■ Directions for this task ■
For this exercise, copy all the data exactly and include none of the pictures.

------ Data section ------

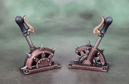 And finally, (though painted early in the month) there’s this pair of Levers from War Cry. I didn’t give them their own post because they’re not especially significant, and hoped/planned to get more War Cry stuff painted to go with them, but ended up leaning really hard into the Zombicide stuff instead. Still, I think they turned out pretty nice for such simple pieces.
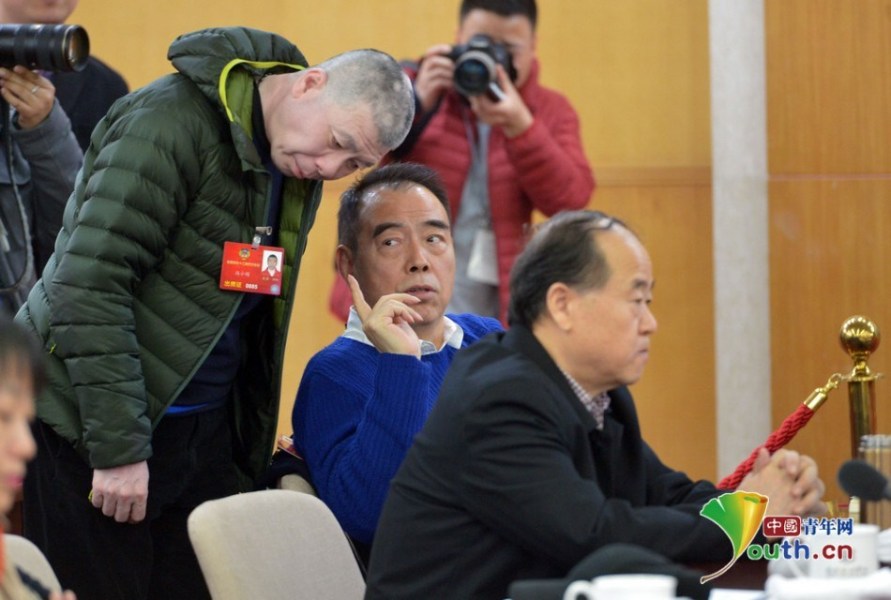 中國青年網北京3月5日電 3月5日,在全國政協十二屆四次會議小組會議上,各組的委員們正忙碌著審議常委會工作報告和提案工作情況報告。委員們時而“交頭接耳”,時而“竊竊私語”。圖為 馮小剛委員(左)與陳凱歌委員(中)交談。
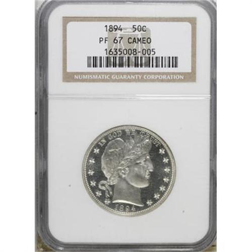 <B>1894 50C PR67 Cameo NGC.</B></I> This 1894 half dollar is an exceptional Superb Gem Cameo proof with brilliant silver surfaces on both sides. The contrast between the fields and devices is vibrant, a splendid white on black appearance. Every design element is bold, and the overall quality is nearly perfect. Census: 10 in 67 Cameo, 2 finer (1/08).<BR><BR><b>Shipping:</b> Coins & Currency (<a target="_blank" href="http://www.heritageauctions.com/common/shipping.php">view shipping information</a>)
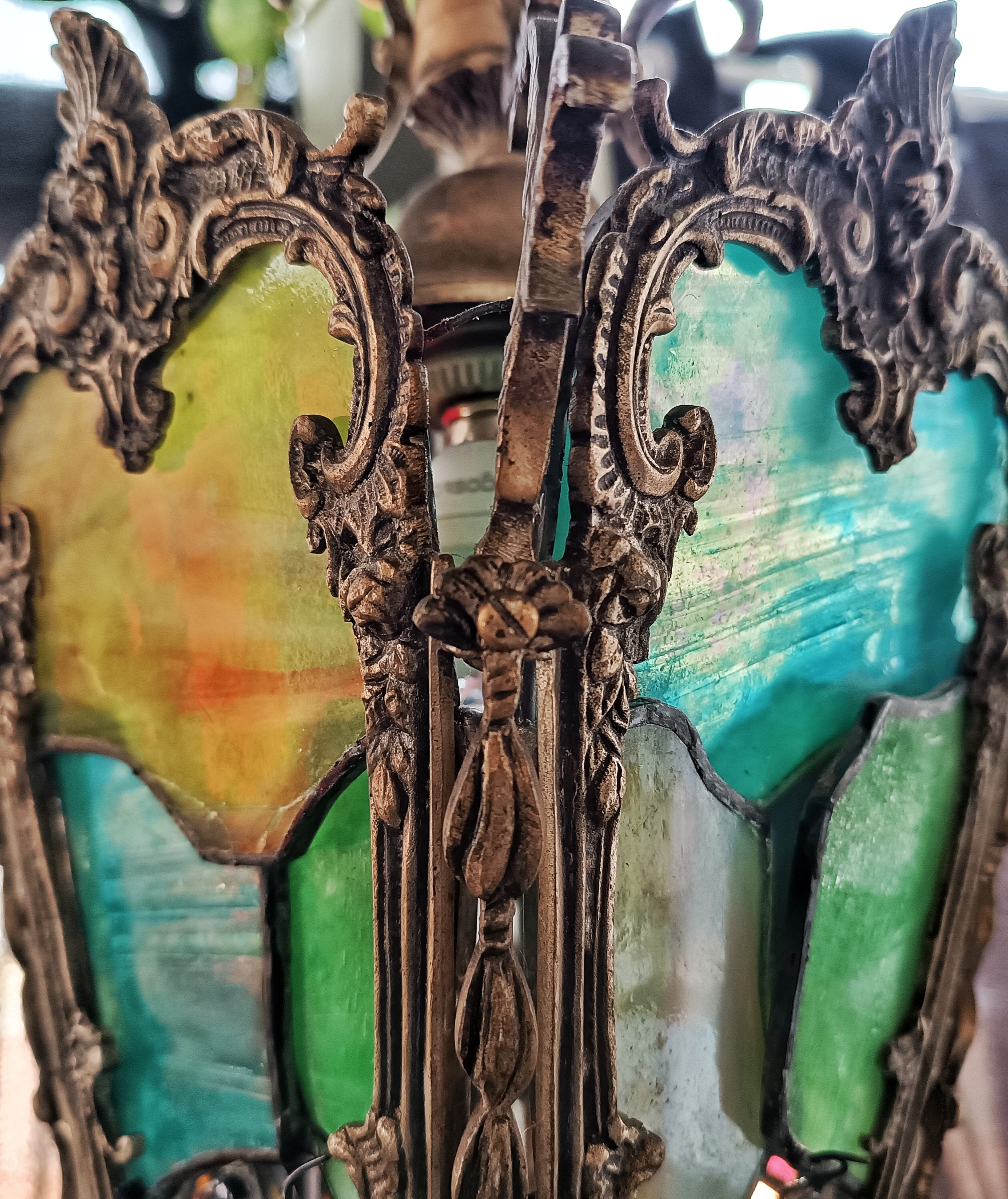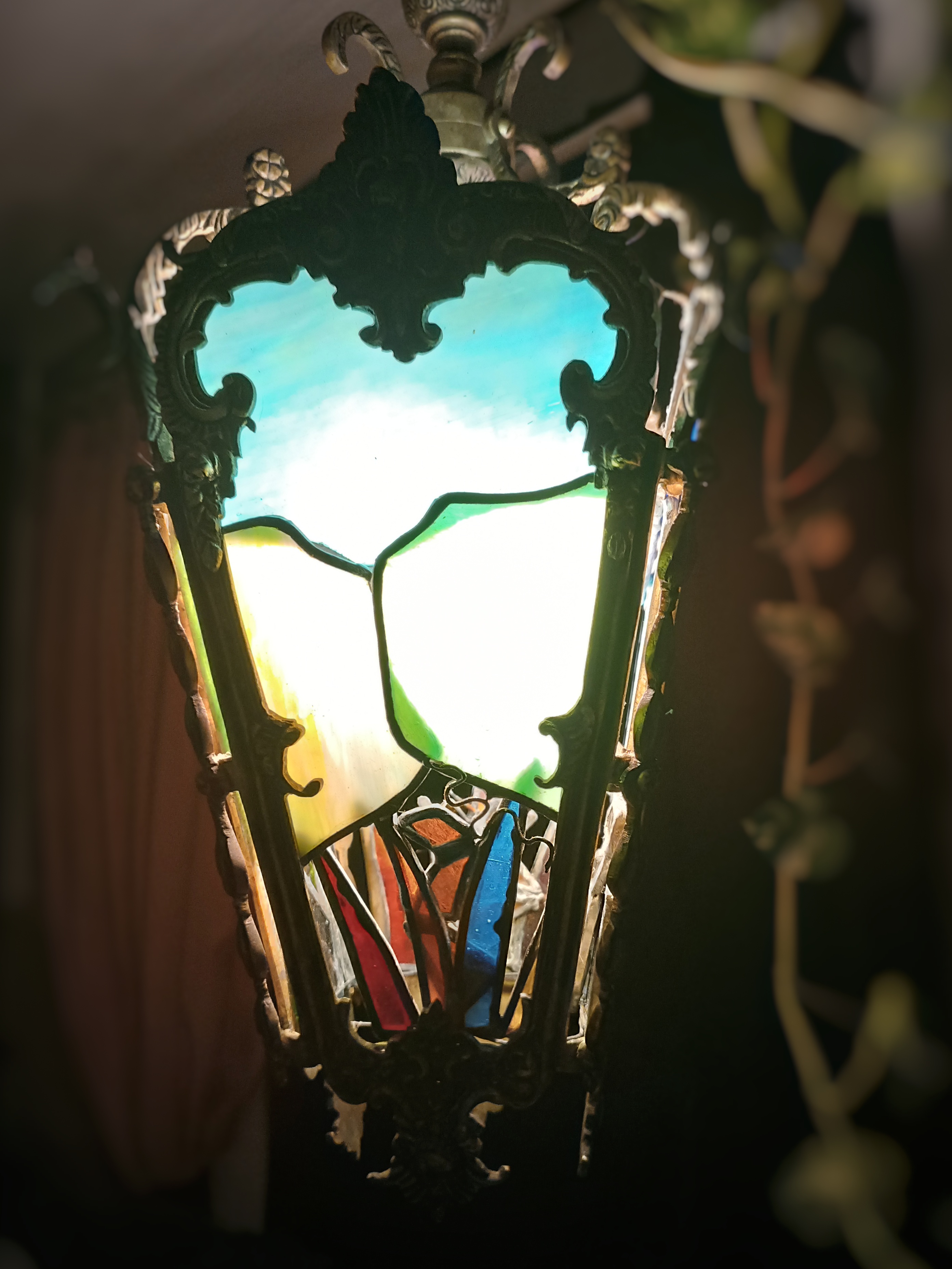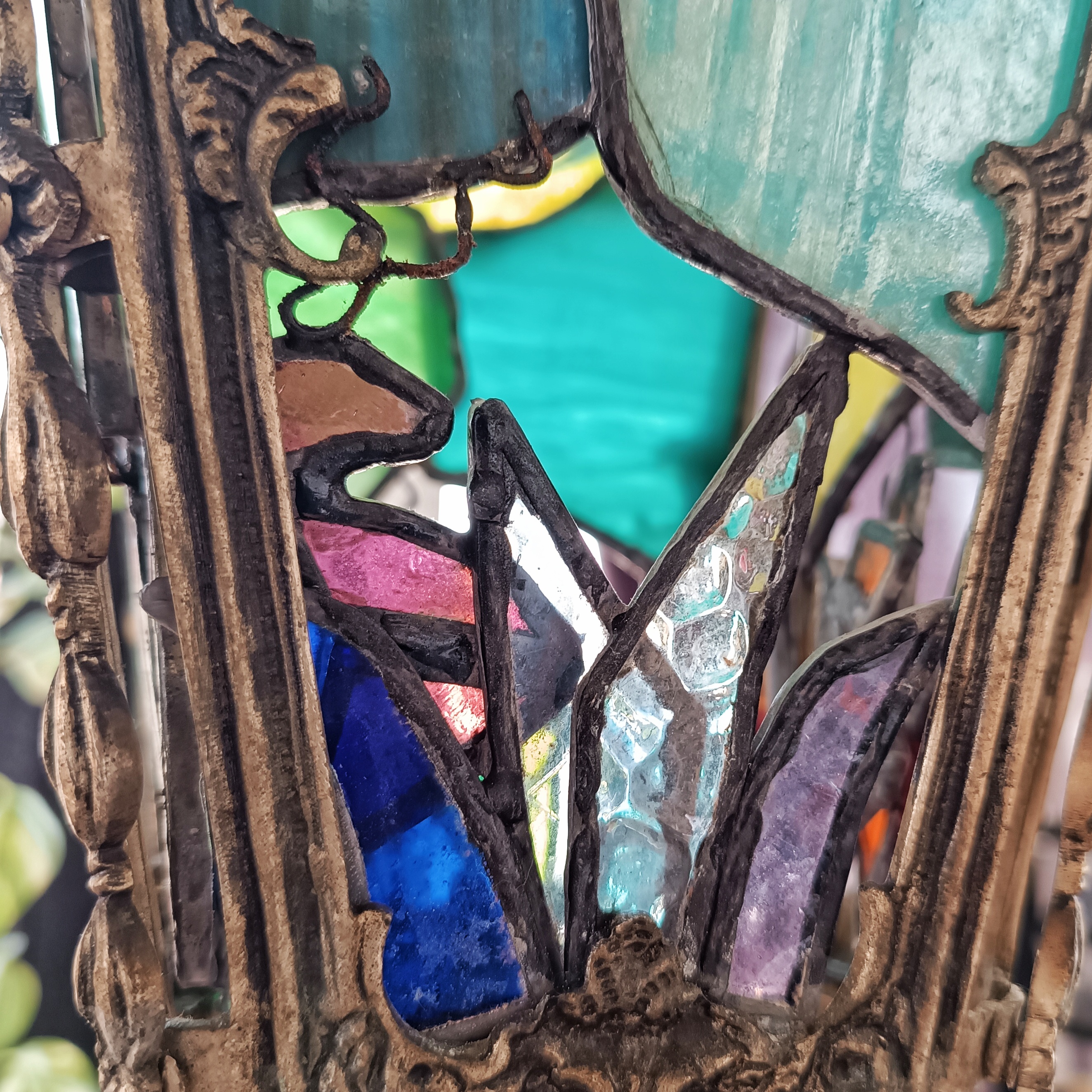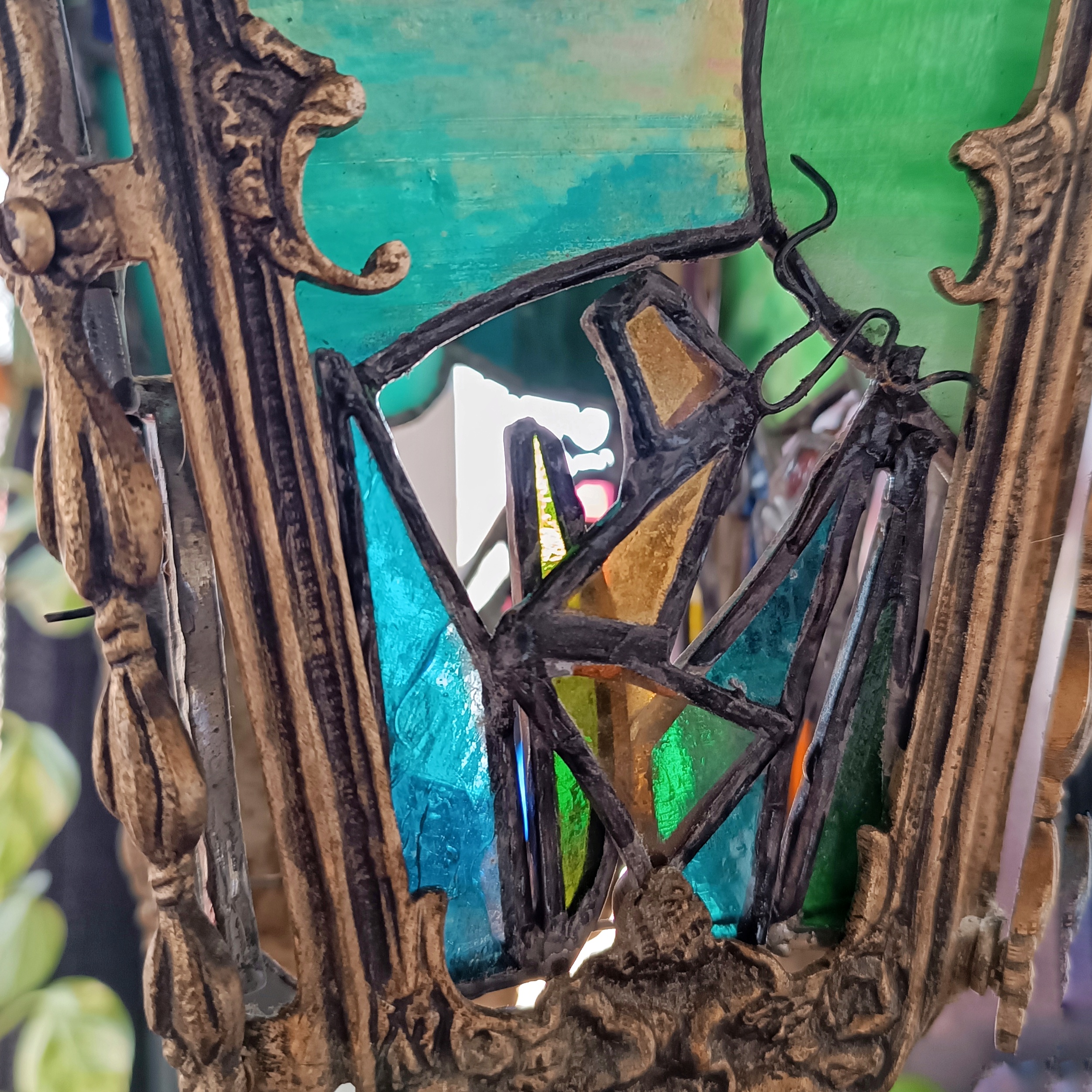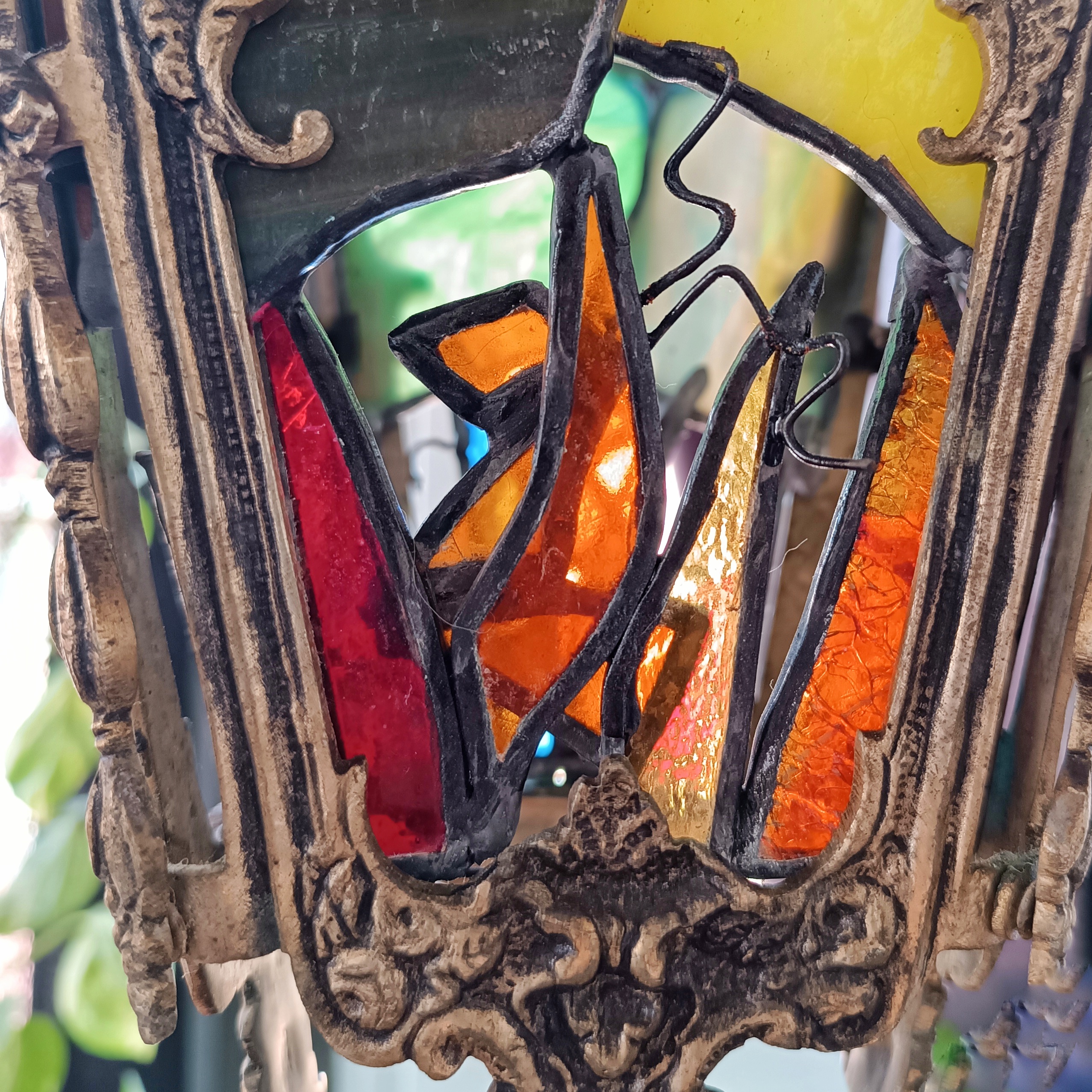 Antiguo farol de bronce embellecido para crear una obra única de vitral que ilustra la silueta de un ciervo a lo largo de las cuatro estaciones, inmerso en un entorno natural que cobra vida.

------

■ Problem solution ■
 And finally, (though painted early in the month) there’s this pair of Levers from War Cry. I didn’t give them their own post because they’re not especially significant, and hoped/planned to get more War Cry stuff painted to go with them, but ended up leaning really hard into the Zombicide stuff instead. Still, I think they turned out pretty nice for such simple pieces.
 中國青年網北京3月5日電 3月5日,在全國政協十二屆四次會議小組會議上,各組的委員們正忙碌著審議常委會工作報告和提案工作情況報告。委員們時而“交頭接耳”,時而“竊竊私語”。圖為 馮小剛委員(左)與陳凱歌委員(中)交談。
 <B>1894 50C PR67 Cameo NGC.</B></I> This 1894 half dollar is an exceptional Superb Gem Cameo proof with brilliant silver surfaces on both sides. The contrast between the fields and devices is vibrant, a splendid white on black appearance. Every design element is bold, and the overall quality is nearly perfect. Census: 10 in 67 Cameo, 2 finer (1/08).<BR><BR><b>Shipping:</b> Coins & Currency (<a target="_blank" href="http://www.heritageauctions.com/common/shipping.php">view shipping information</a>)
 Antiguo farol de bronce embellecido para crear una obra única de vitral que ilustra la silueta de un ciervo a lo largo de las cuatro estaciones, inmerso en un entorno natural que cobra vida.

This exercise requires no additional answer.